Nate Silver, who is beyond brilliant, blogs for the New York Times, mainly on statistical prediction in politics and sport. (He made his money in sport predictions and moved into politics. He has what looks like a liberal bent from the questions he asks, but absolute intellectual integrity.)
In one of this most recent posts, he takes on a model that predicts the 2012 House results. It is an absolutely fascinating analysis of the sources of error in this kind of predictive analysis. In particular he urges that one must not be looking at too many potential predictive variables when you have too few cases to study.
Sample caution:
A general rule of thumb is that you should have no more than one variable for every 10 or 15 cases in your data set. So a model to explain what happened in 15 elections should ideally contain no more than one or two inputs. By a strict interpretation, in fact, not only should a model like this one not contain more than one or two input variables, but the statistician should not even consider more than one or two variables as candidates for the model, since otherwise he can cherry-pick the ones that happen to fit the data the best (a related problem known as data dredging).

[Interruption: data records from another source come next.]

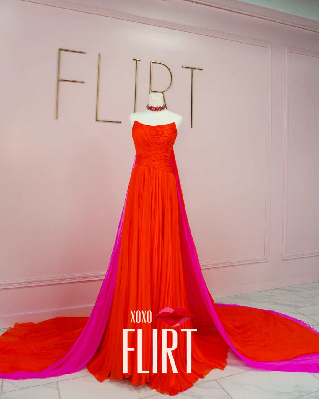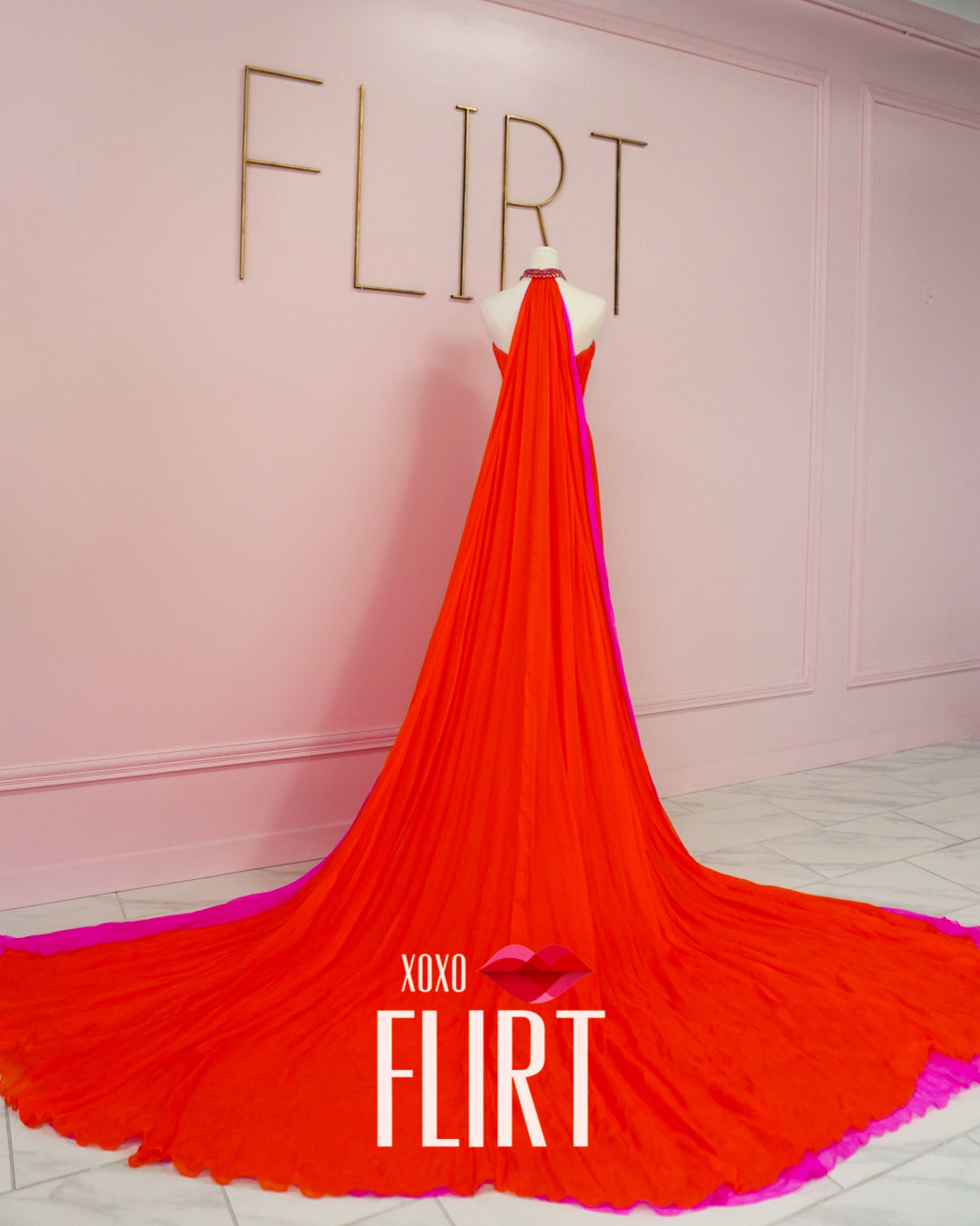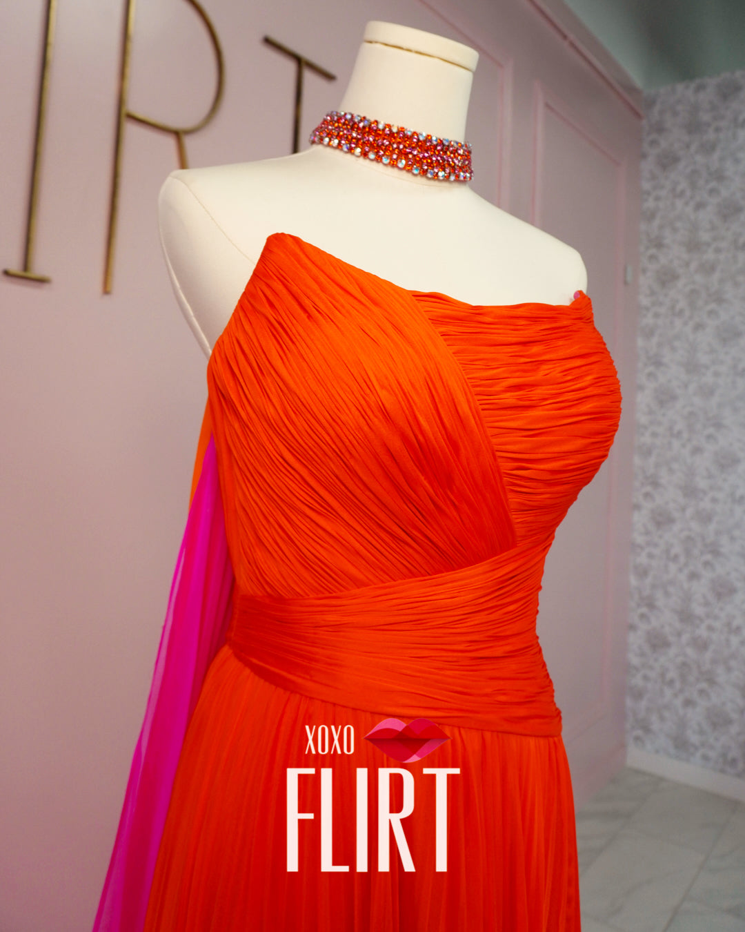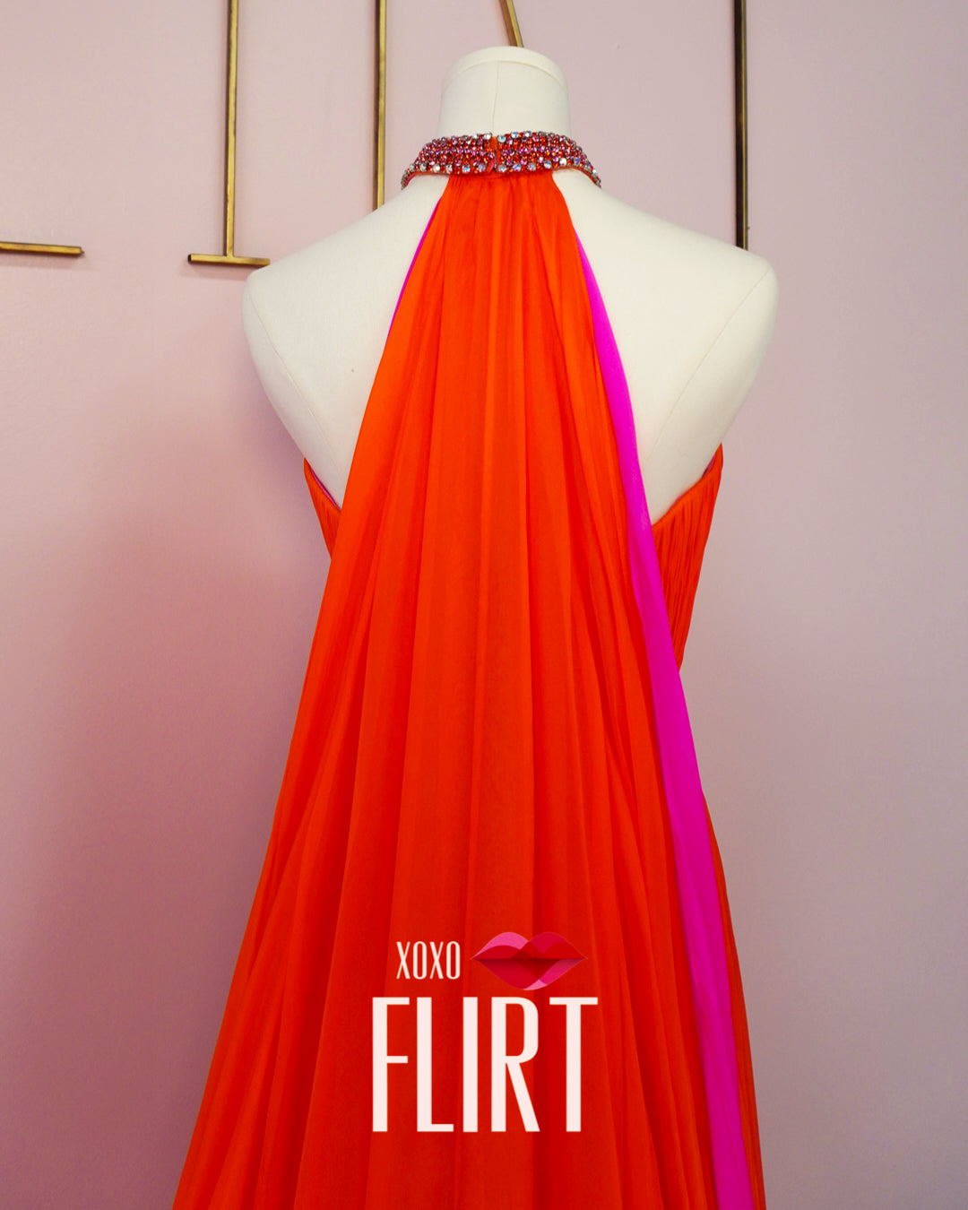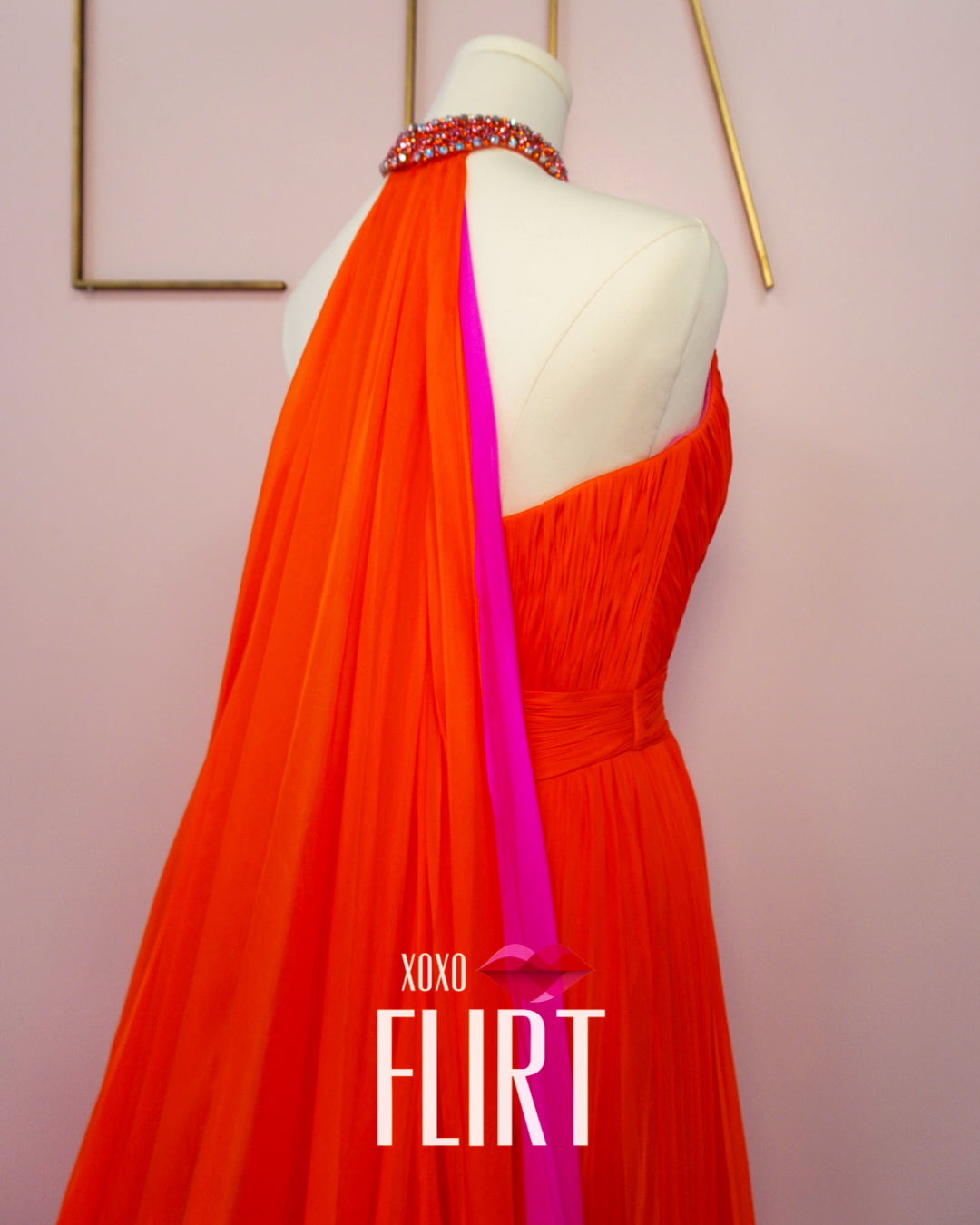 Make a bold color statement in this vibrant couture gown featuring striking orange and hot pink silk chiffon. The luxurious ruching across the bodice creates dimension and flatters your silhouette, while the dramatic choker cape in complementary two-tone colors adds theatrical elegance and movement. This is couture design at its finest—perfect for competitors who embrace confidence and refuse to fade into the background at pageants and formal events.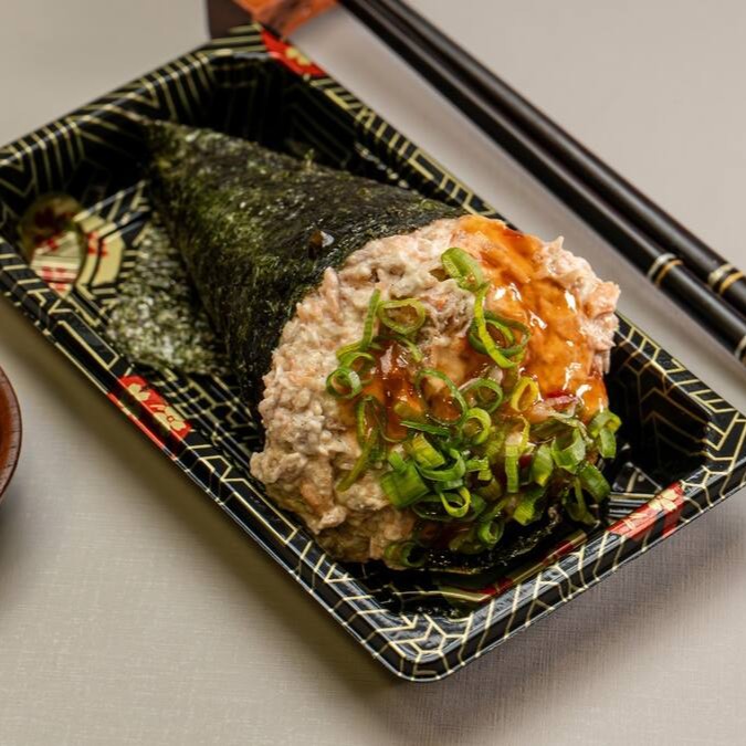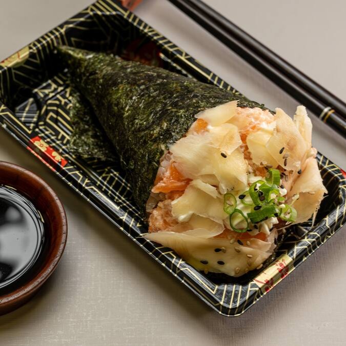 Temaki recheado com salmão (cru ou grelhado) , arroz japonês, cream cheese , cebolinha e um toque especial de gengibre.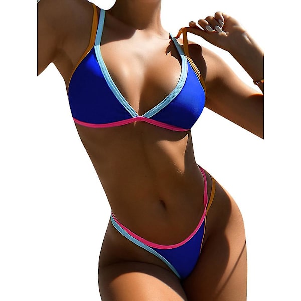 dam Color Block Baddräkt Bikini Set String sommar Beach Baddräkt Badkläder Blue S Fyndiq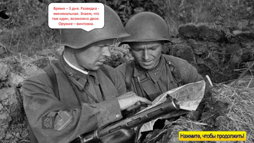 Время – 3 дня. Разведка - минимальная. Знаем, что там один, возможно двое. Оружие – винтовка.

What the blog focuses in on is not so much the prediction (Republican hold of the House), but the asserted extremely high level of statistical confidence in the prediction. The way the blog undercuts this is by showing that adding only one more election to the model radically changes not so much the most likely result, but the range of significantly possible results. This is in some ways parallel to the discussion of the Jim Greiner paper (NewsMaker Interviw, with links here), which is my opinion should perhaps be less about the accuracy of the result, and more about what the chance is that the finding of lack of statistically measurable impact from offers of representation could mask a big or small actual impact. In other words, I would suggest that the concern is not so much that there is no impact from the offer of representation, but rather that any impact is small. (This is not getting into the detailed discussion of the impact of the fact that about half of those who were denied representation in the randomization process in fact found it somewhere else.)
While the election work is not necessarily quite the same as the statistical processes we use in access to justice, the general cautions bear attention. Maybe some of you statisticians out there can give it some thought and comment.
Above all, just read Nate Silver (list of posts at this link) for the sheet joy of his intellectual clarity, and use it to think about the kind of questions we might use data to ask and answer.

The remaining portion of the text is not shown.